Bagley’s experience is of a piece with the broader trend in retail toward automation and other technological shortcuts.

Technology was supposed to make life better for all of us, not just the rich.

Representative Rashida Tlaib of Michigan and 13 colleagues wrote to the CEO of the supermarket behemoth Kroger in November about electronic price tags (often called electronic shelf labels or ESLs). These digital displays allow companies to change prices automatically from a mobile app. Tlaib warned that this so-called “dynamic pricing” permits retailers to adjust prices based on their whims.

This is not much different from when gas stations switched to digital signs, though. Used to be, if you owned a gas station and wanted to change the prices on the sign, you'd have to go out and climb up on a ladder. Or, rather, make your hard-working minimum-wage employee do it. Then you'd have to change the price on each pump. Now? The whole thing's automated, and the hard-working minimum-wage employee can do it from a terminal or something, without leaving the checkout desk. And they (the owners, not the wage slaves) can do it on a whim.

The difference is, everyone needs food.

Just as Uber raises prices during storms or rush hour, retailers like Kroger use ESLs to adjust prices based on factors like time of day or the weather.

"Snow tomorrow! Double the prices on bread and milk!"

“My concern is that these tools will be abused in the pursuit of profit, surging prices on essential goods in areas with fewer and fewer grocery stores,” Tlaib wrote.

Though, despite my worker-centric position, I'm not opposed to profit. I just want more of it to go to the people who actually do the work.

Warren and Casey also voiced concern about Kroger’s partnership with Microsoft to install facial-recognition technology in stores, which could be used to identify individual customers: When a shopper approaches the shelf, she would see a price calibrated specifically for her.

Leaving aside for a moment the huge gap between "could be" and "is," this is a very good reason to continue, or resume, wearing masks in grocery stores and other places with cameras.

Retailers could use shopper data to charge higher prices to those who can afford to pay more, but since stores do not have to disclose who is making pricing decisions or why, the senators worry that shoppers on a budget are particularly vulnerable.

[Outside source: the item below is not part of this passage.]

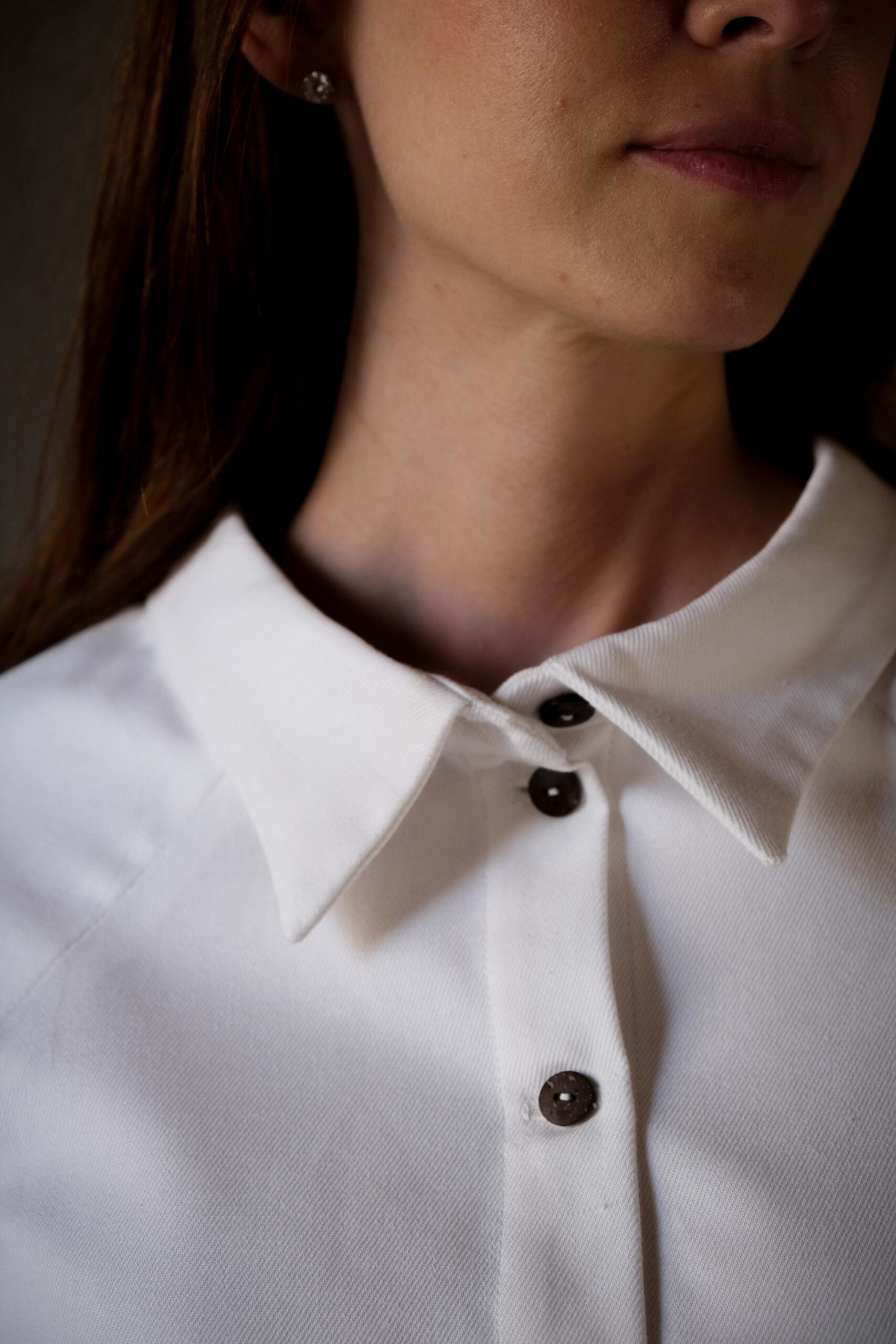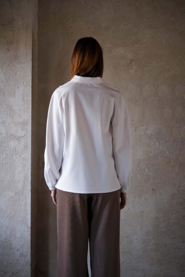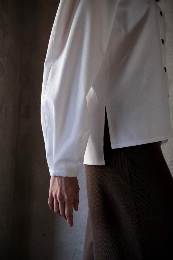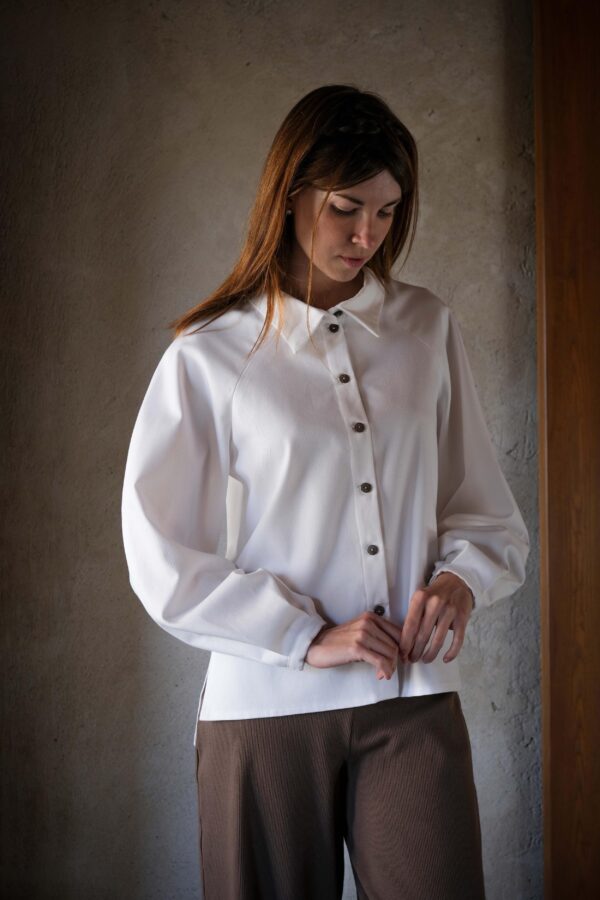 Descubre La Camisa blanca de manga abullonada con abertura ancha lateral  de Gemma Oriol, hecha a mano y siguiendo los criterios de sostenibilidad.

There's a giant logical hole in their reasoning here. Unless the store also switches to the scan-as-you-go system, which some have tried but is even more prone to customer abuse than self-checkout, how do they coordinate the price on the shelves with the price that the individual customer pays at checkout? Say, for example, they set the price of a can of tuna at $1.49 for me and $1.99 for the next person. That's bad, sure, but then we go up to the checkout and, what, more facial recognition software at the cashier? That seems like a lot of computing power, and computers are known to break down at the slightest fart.

This, of course, is not the same thing as surge pricing, which, as I've noted before, few have a problem with if the perspective is turned around: "We charge less for drinks during Happy Hour" is more palatable than "We charge more for drinks after 7pm," though the result is the same.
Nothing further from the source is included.